Jakarta, Gesuri.id - Ketua DPRD Kota Medan, Drs. Wong Chun Sen, menyampaikan pelaksanaan kegiatan sosialisasi pembinaan ideologi dan wawasan kebangsaan (Wasbang) belum dapat langsung dilaksanakan meski perubahan Ranperda DPRD Medan Nomor 1 Tahun 2025 tentang Tata Tertib telah disahkan dalam rapat paripurna.
“Apakah dalam sosialisasi nanti nara sumbernya pihak BPIP atau anggota dewannya. Tentu sesuai petunjuk mereka. Kalau nara sumber dari dewannya, tentu setelah melakukan bimbingan teknis (Bimtek) dan memperoleh sertifikasi,” kata Wong Chun Sen, Rabu (28/1/2026).
Ia menjelaskan, DPRD Medan akan terlebih dahulu melakukan koordinasi dengan Badan Pembinaan Ideologi Pancasila (BPIP) di Jakarta sebelum kegiatan sosialisasi Wasbang digelar di tengah masyarakat. Menurutnya, seluruh mekanisme pelaksanaan kegiatan tersebut harus mengacu pada petunjuk dan arahan BPIP.
Wong Chun Sen menambahkan, rencana koordinasi dengan BPIP akan ditindaklanjuti melalui kerja sama resmi. Ia menyebutkan, keempat pimpinan DPRD Medan dijadwalkan berangkat ke Jakarta pada Jumat, 30 Januari 2026, untuk menandatangani nota kesepahaman atau memorandum of understanding (MoU) dengan BPIP.
“Nanti kita lihat dulu bagaimana hasil kerjasamanya. Selanjutnya kita tahu sistem pelaksanaan sosialisasi wasbangnya,” ucap Wong Chun Sen.
Terkait dinamika internal DPRD Medan, Wong Chun Sen membenarkan adanya penolakan dari satu fraksi terhadap perubahan Tata Tertib DPRD Medan yang mengatur pelaksanaan Wasbang. Dari sembilan fraksi yang ada, delapan fraksi menyetujui perubahan tersebut, sementara Fraksi Partai Solidaritas Indonesia (PSI) yang beranggotakan empat orang menolak dalam rapat paripurna.
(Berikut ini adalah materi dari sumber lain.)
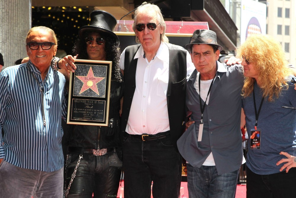 Ob Slash was gegen Steven hatte weiß ich nicht. Ich glaube aber eher nicht. In seiner Autobiografie kommt ja raus, dass die beiden ziemlich gut befreundet waren, sich aber dann auseinandergelebt haben. Trotzdem haben die beiden wohl heute noch Kontakt. Slash soll ja auch ziemlich gut mit Charlie Sheen befreundet sein und hier hab ich mal ein interessantes Bild gefunden. Slash, als er seinen Stern auf dem Walk Of Fame bekommen hat. Der blonde Wuschelkopf ganz rechts ist doch Steven, oder? :redface:
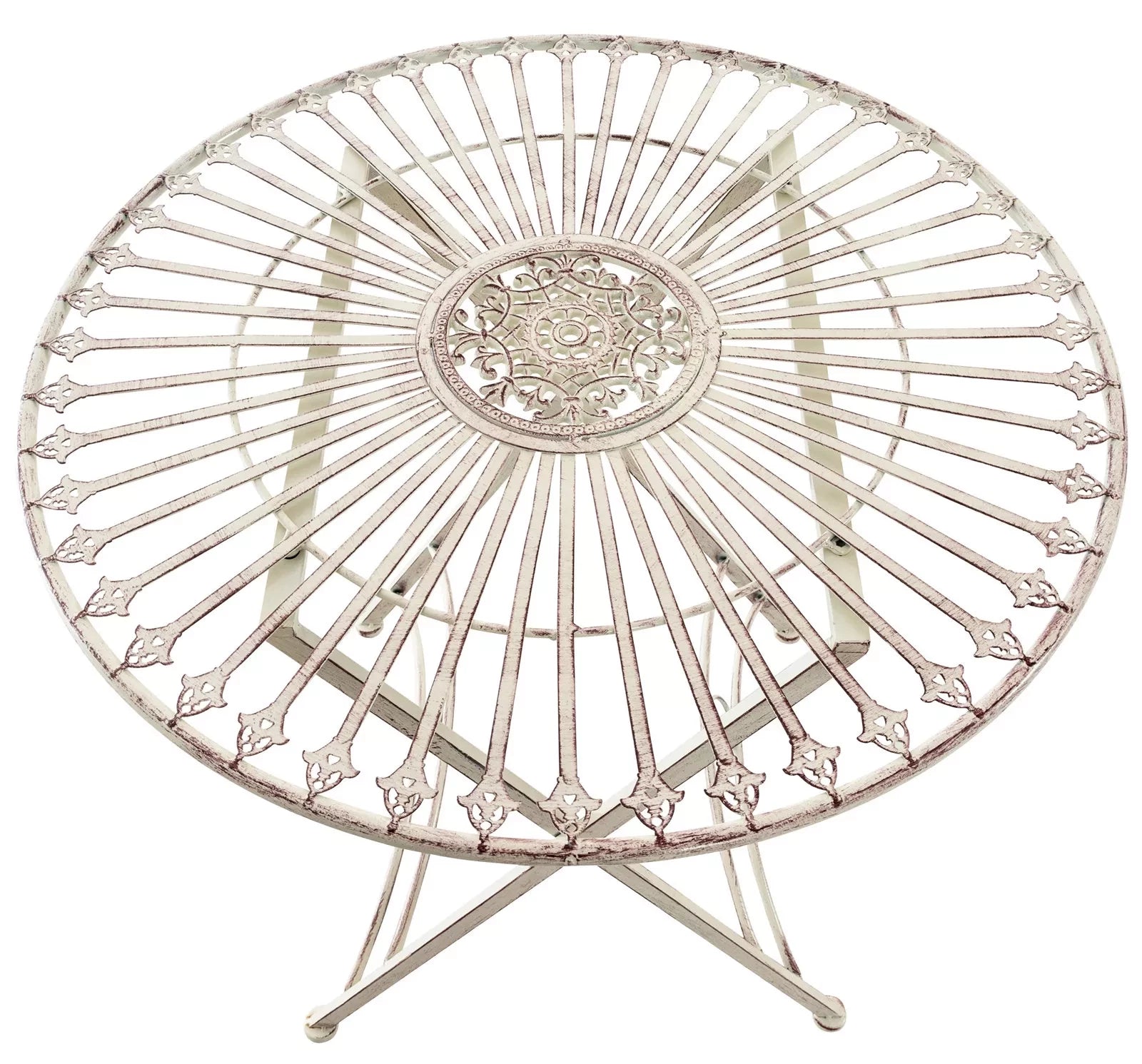 In And OutdoorMatch Runder Gartentisch aus Metall Lysanne – 4 Personen – Wetterfest – Creme – 71 x 71 x 71 cm
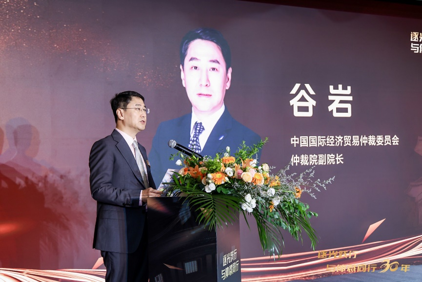 谷巖進(jìn)行主旨演講。他表示,1994年仲裁法頒布,中國確立了統(tǒng)一、規(guī)范、符合國際慣例的仲裁制度,中國仲裁事業(yè)翻開了嶄新一頁,進(jìn)入快速發(fā)展的新的歷史階段,取得了顯著成就:第一,案件管理主要指標(biāo)屢創(chuàng)歷史新高,受案數(shù)量、涉案爭議金額、當(dāng)事人國別數(shù)均位居國際前列;第二,保持仲裁規(guī)則與國際最新仲裁理論和實(shí)踐發(fā)展的同步;第三,培育了一支高水平國際化專業(yè)化的仲裁員隊(duì)伍;第四,多元化爭議解決服務(wù)形成新格局。結(jié)合仲裁法的歷史成就以及貿(mào)仲的實(shí)踐經(jīng)驗(yàn)。對(duì)于仲裁法和中國仲裁事業(yè)的未來發(fā)展,他提出值得總結(jié)和發(fā)揚(yáng)的三個(gè)“堅(jiān)持”:堅(jiān)持國際化與本土化相結(jié)合;堅(jiān)持法律剛性與規(guī)則柔性相統(tǒng)一;堅(jiān)持推進(jìn)仲裁生態(tài)文化培育。

Ketika disinggung apakah anggota Fraksi PSI akan tetap melaksanakan kegiatan Wasbang, Wong Chun Sen mengaku belum dapat memastikan. Menurutnya, keputusan tersebut merupakan kebijakan internal partai yang tidak bisa dicampuri oleh pimpinan DPRD.
“Itu mungkin kebijakan partainya, gak bisa kita campuri,” imbuhnya.
Sebagaimana diketahui, Fraksi Partai Solidaritas Indonesia (PSI) DPRD Medan melalui juru bicaranya, Reinhart Jeremy Aninditha, S.H., secara tegas menyampaikan penolakan terhadap pelaksanaan pembinaan ideologi Pancasila dan wawasan kebangsaan dalam rapat paripurna DPRD Medan yang digelar pada 20 Januari 2026.